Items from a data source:
================

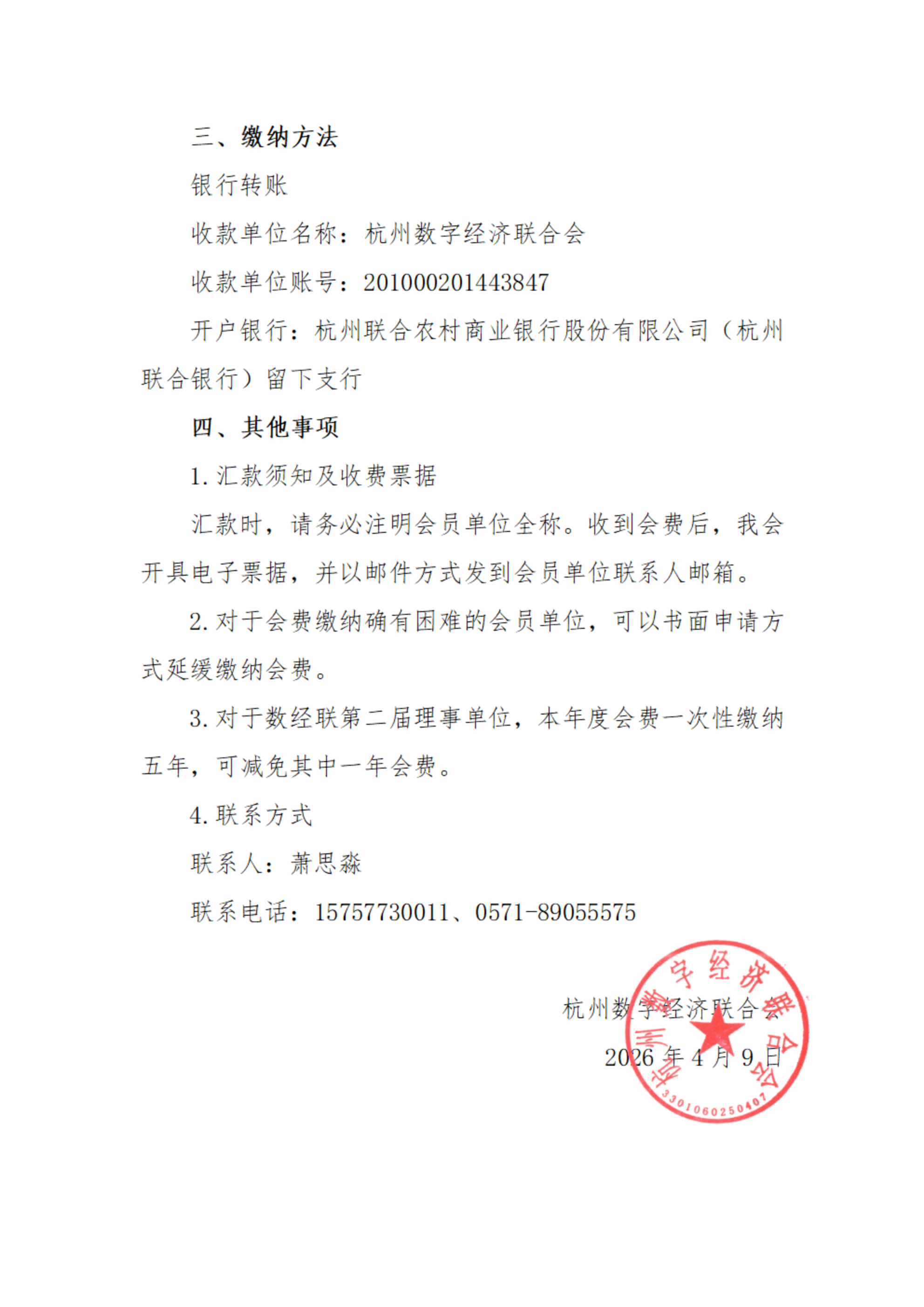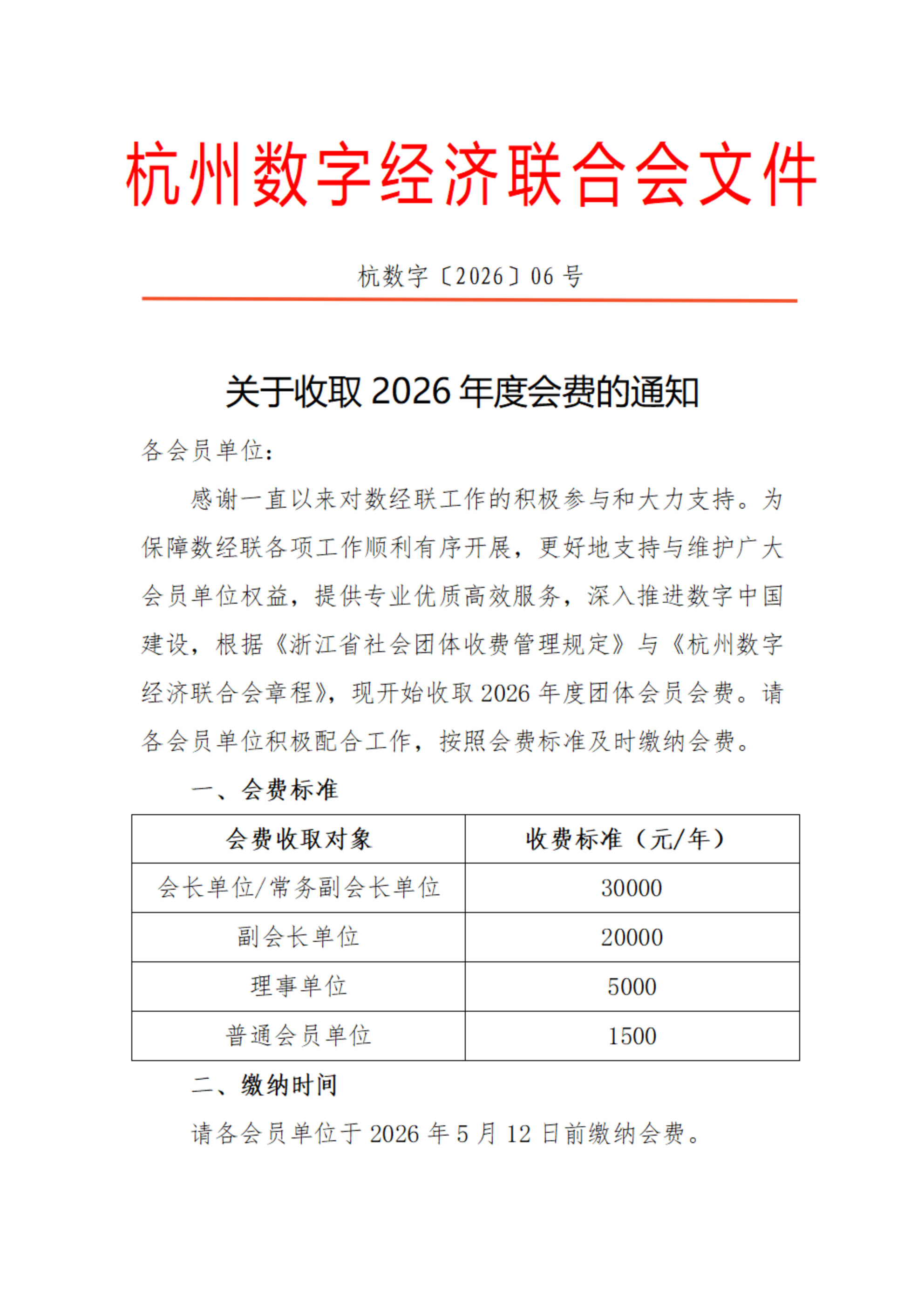 数经联关于收取2026年度会费的通知
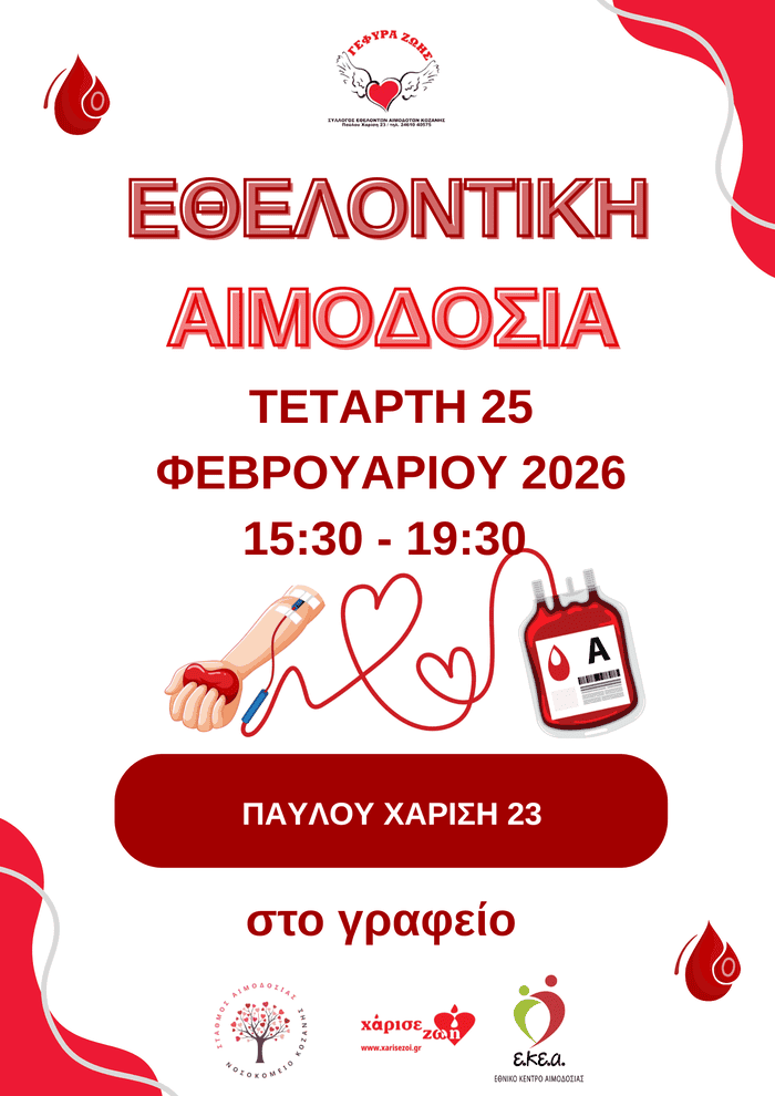 Την Τετάρτη 25 Φεβρουαρίου 2026, από 15:30 έως 19:30, σας προσκαλούμε να συμμετάσχετε στην εθελοντική αιμοδοσία που θα πραγματοποιηθεί στα γραφεία του Συλλόγου μας, Παύλου Χαρίση 23.Οι ανάγκες για αίμα στο Τμήμα Αιμοδοσίας του Μαμάτσειου Νοσοκομείου Κοζάνης είναι αυξημένες και η δική σας προσφορά μπορεί να γίνει η ελπίδα για έναν συνάνθρωπό μας.
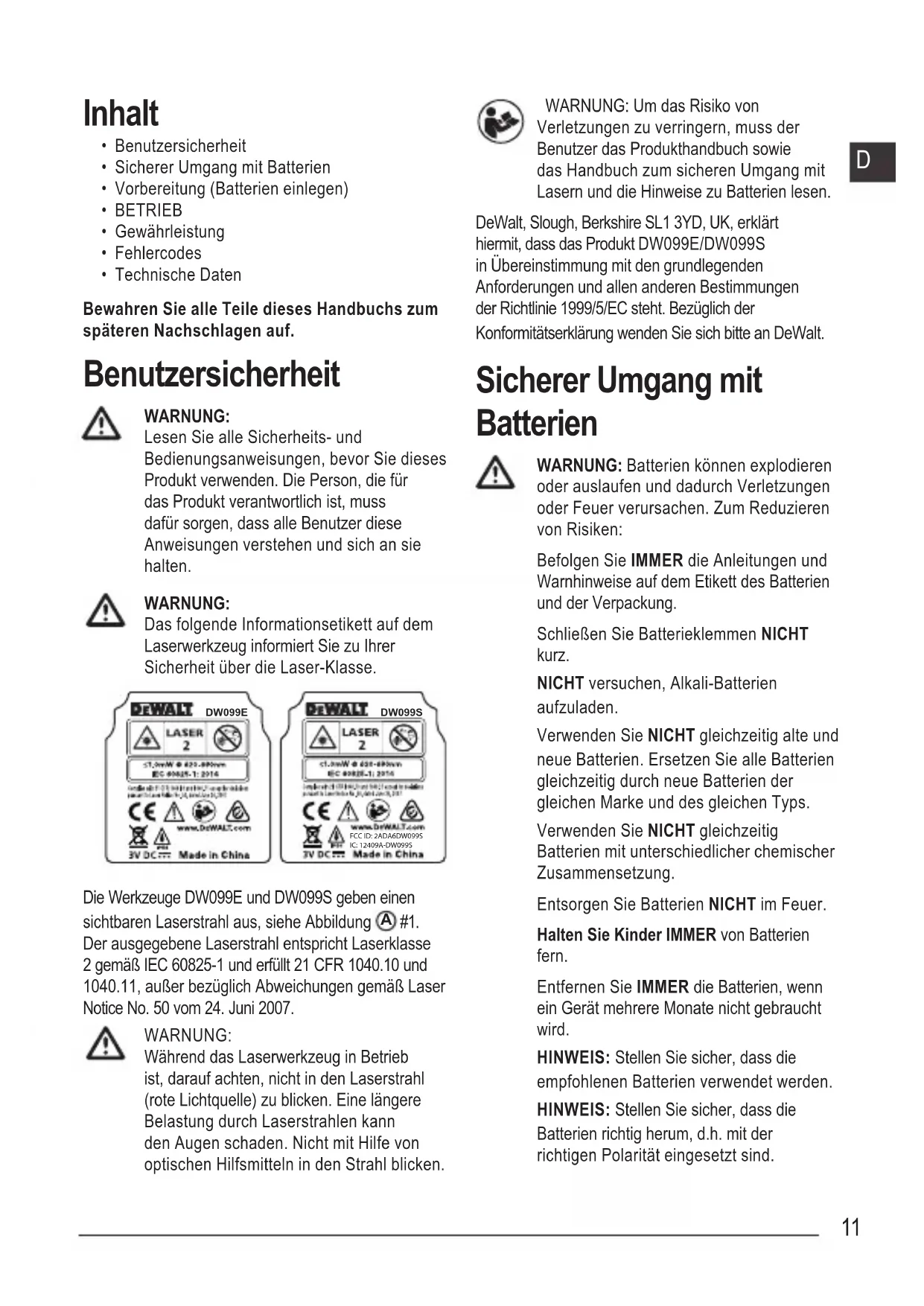 #1. Der ausgegebene Laserstrahl entspricht Laserklasse 2 gemäß IEC 60825-1 und erfüllt 21 CFR 1040.10 und 1040.11, außer bezüglich Abweichungen gemäß Laser Notice No. 50 vom 24. Juni 2007. WARNUNG: Während das Laserwerkzeug in Betrieb ist, darauf achten, nicht in den Laserstrahl (rote Lichtquelle) zu blicken. Eine längere Belastung durch Laserstrahlen kann den Augen schaden. Nicht mit Hilfe von optischen Hilfsmitteln in den Strahl blicken. WARNUNG: Um das Risiko von Verletzungen zu verringern, muss der Benutzer das Produkthandbuch sowie das Handbuch zum sicheren Umgang mit Lasern und die Hinweise zu Batterien lesen. DeWalt, Slough, Berkshire SL1 3YD, UK, erklärt hiermit, dass das Produkt DW099E/DW099S in Übereinstimmung mit den grundlegenden Anforderungen und allen anderen Bestimmungen der Richtlinie 1999/5/EC steht. Bezüglich der Konformitätserklärung wenden Sie sich bitte an DeWalt. Sicherer Umgang mit Batterien WARNUNG: Batterien können explodieren oder auslaufen und dadurch Verletzungen oder Feuer verursachen. Zum Reduzieren von Risiken: Befolgen Sie IMMER die Anleitungen und Warnhinweise auf dem Etikett des Batterien und der Verpackung. Schließen Sie Batterieklemmen NICHT kurz. NICHT versuchen, Alkali-Batterien aufzuladen. Verwenden Sie NICHT gleichzeitig alte und neue Batterien. Ersetzen Sie alle Batterien gleichzeitig durch neue Batterien der gleichen Marke und des gleichen Typs. Verwenden Sie NICHT gleichzeitig Batterien mit unterschiedlicher chemischer Zusammensetzung. Entsorgen Sie Batterien NICHT im Feuer. Halten Sie Kinder IMMER von Batterien fern. Entfernen Sie IMMER die Batterien, wenn ein Gerät mehrere Monate nicht gebraucht wird. HINWEIS: Stellen Sie sicher, dass die empfohlenen Batterien verwendet werden. HINWEIS: Stellen Sie sicher, dass die Batterien richtig herum, d.h. mit der richtigen Polarität eingesetzt sind.
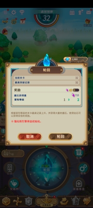 11、在主要画面的下方,有一个醒目的蓝色水晶标识,标识呈现轮回样式。通过这个轮回功能,能将你当前角色的等级、飞艇的强化状态等全部清零,让一切重新回到起点。之后,你可以去挑战更高级的怪物,获取更优质的资源,进而再次对角色与飞艇进行强化、升级以及升星操作。
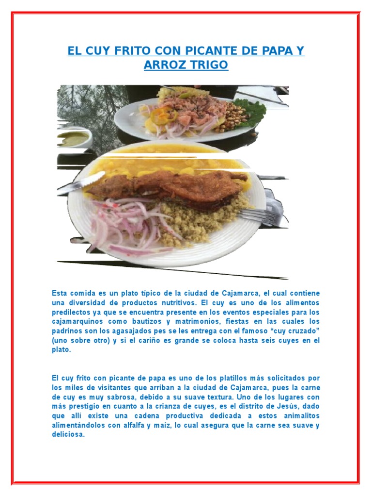 La crocante y generosa presa se sirve con un guiso de papa aderezado con ají panca maní pimienta y sal. Sazone el cuy con sal. 20 nov 2015 aprende cómo preparar cuy frito de cajamarca acompañado de papa picante paso a paso con esta receta ingredientes y procedimiento mira.
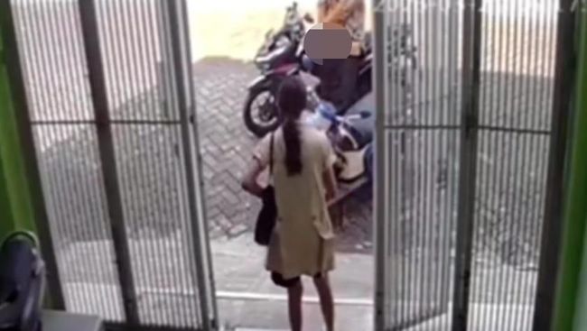 Saat perempuan itu membuka pintu pagar, pelaku terlihat mengeluarkan alat vitalnya sambil tetap duduk di motor.
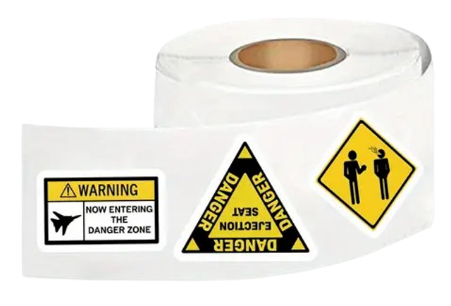 - Format malin : stickers ± 2,4 cm, design "danger" sur fond contrasté pour un effet marquant.
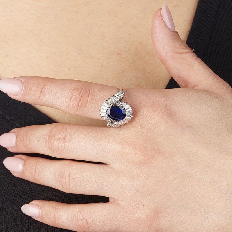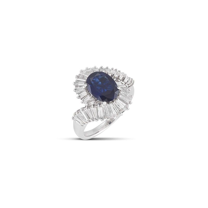 in oro bianco 18kt, impreziosito al centro da uno zaffiro taglio ovale di ct 2.62, avvolto da una doppia fila di diamanti taglio baguette e tapes per ct 1.70 circa, mis. 54, gr. 7
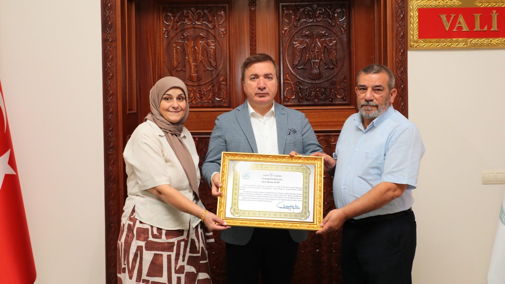 Erzincan Valiliği’nde Erzincan Valisi Hamza Aydoğdu, hayırsever iş insanı Harun Yurt’a Teşekkür Belgesi takdim etti. Programda, engelli vatandaşlara yönelik yapılan bu yardımların toplumsal yaşamda farkındalık oluşturduğu ve birçok insanın hayatına dokunduğu vurgulandı.
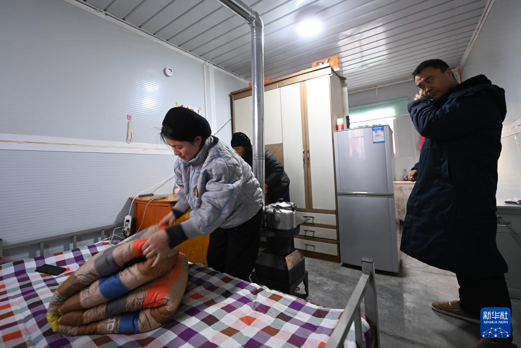 1月1日,在甘肃省积石山县大河家镇大河村安置点,村民在板房内整理被褥。新华社记者 范培珅 摄
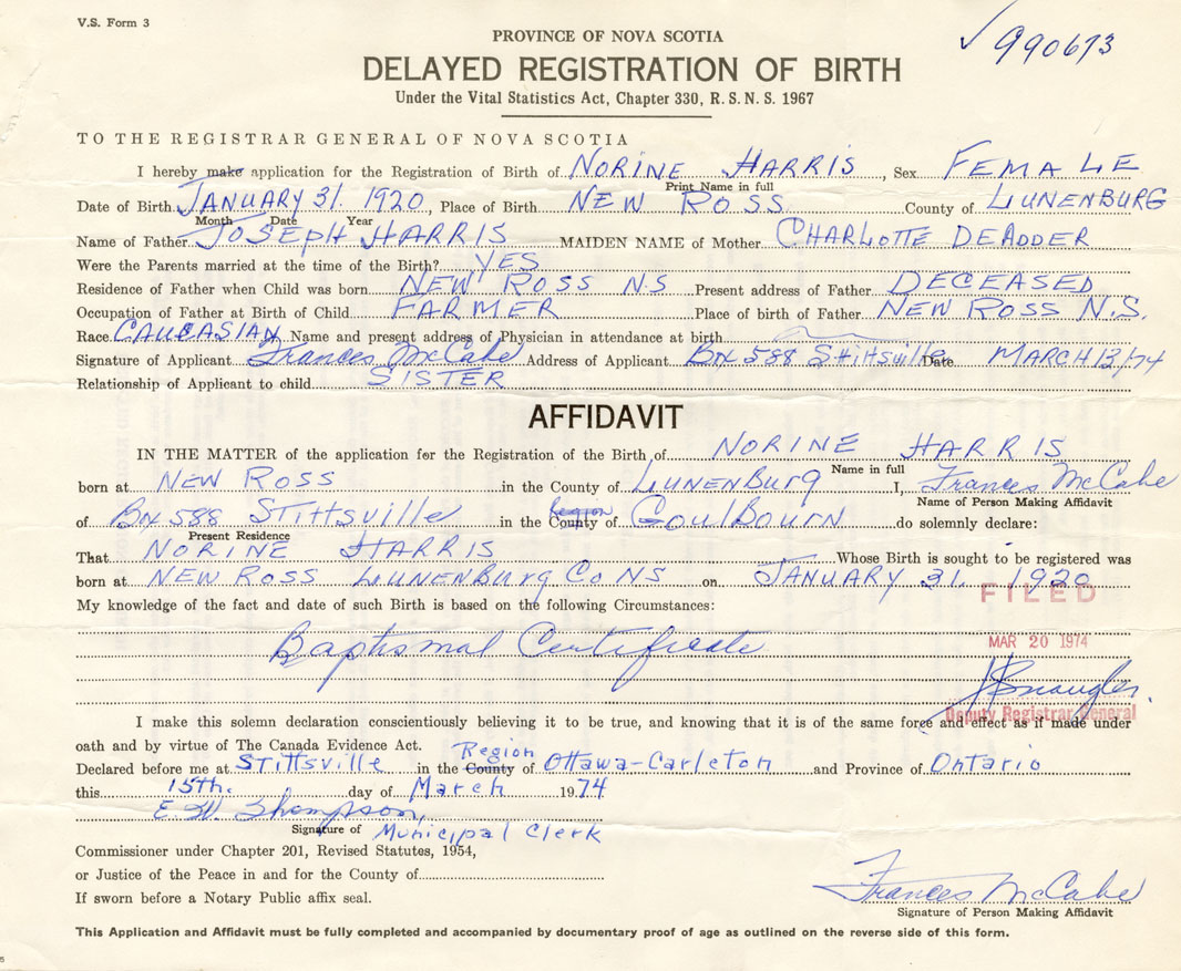 I hereby make application for the Registration of Birth of NorineHarris Sex Female
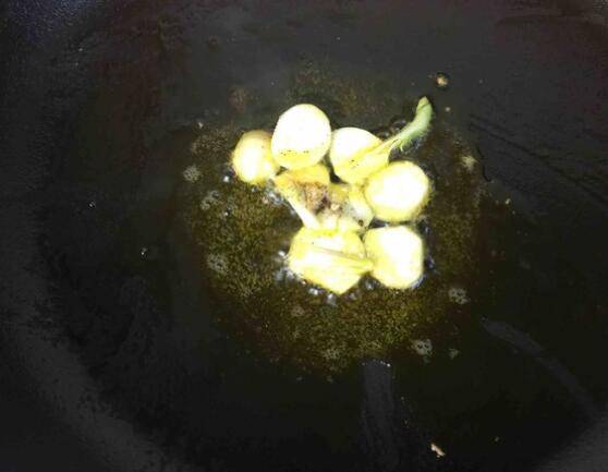 4、锅放油烧热,放蒜片,生抽,胡椒粉,姜粉炒出香味。
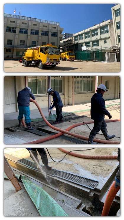 3月6日(金) 専門業者の方に入っていただき、グランドの側溝に溜まりに溜まった泥や砂をきれいに清掃していただきました。4tトラック2台で来てもらいましたが、満タンになって帰られました。本当にありがとうございました。清掃時には定期的に砂を履いてきれいにしておいた方がいいですね。
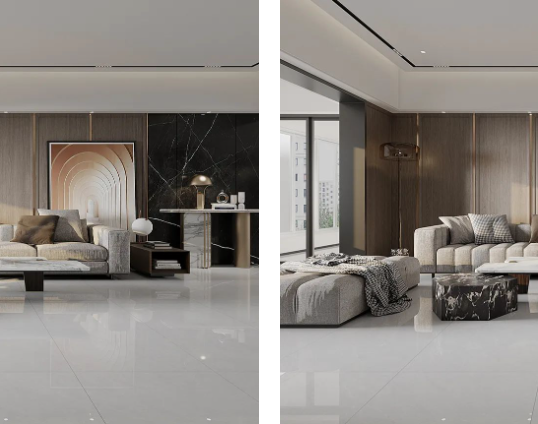 溫馨舒適的原木色,如同冬日暖陽,悄然無聲潛入室內,搭配800X800mm規格的雷恩灰,34°以上的超白坯體,90°的透亮光感,在斑斕的光影中映射著天然石紋的形狀,溫柔細膩,讓人沉溺其中。
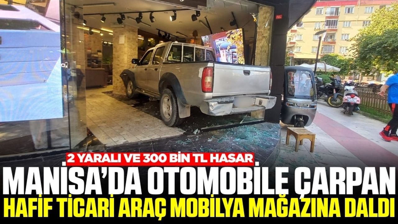 Çarpmanın etkisiyle direksiyon hakimiyetini kaybeden araç, yol kenarında bulunan bir mobilya mağazasına daldı.
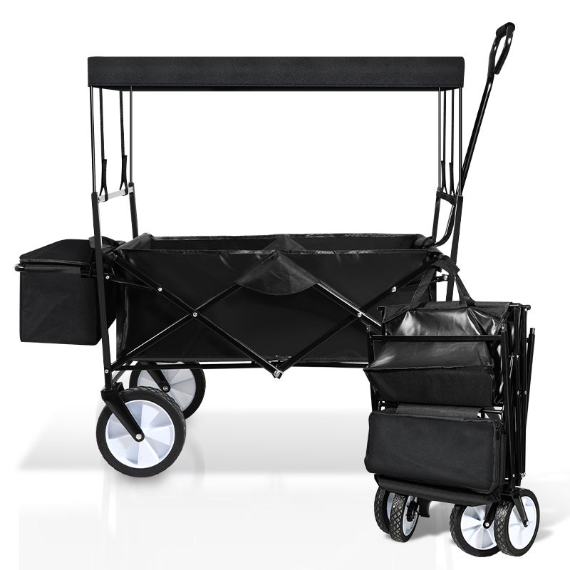 Chariot Pliable avec Toit Chariot de Jardin Pliable capacité de Charge de 80 kg Noir

================

EXERCISE GOAL:
Only the lines from the top of the data through the line with "Την Τετάρτη 25" should be quoted, exactly and with both ends kept; skip the pictures.

YOUR SOLUTION:
 数经联关于收取2026年度会费的通知
 Την Τετάρτη 25 Φεβρουαρίου 2026, από 15:30 έως 19:30, σας προσκαλούμε να συμμετάσχετε στην εθελοντική αιμοδοσία που θα πραγματοποιηθεί στα γραφεία του Συλλόγου μας, Παύλου Χαρίση 23.Οι ανάγκες για αίμα στο Τμήμα Αιμοδοσίας του Μαμάτσειου Νοσοκομείου Κοζάνης είναι αυξημένες και η δική σας προσφορά μπορεί να γίνει η ελπίδα για έναν συνάνθρωπό μας.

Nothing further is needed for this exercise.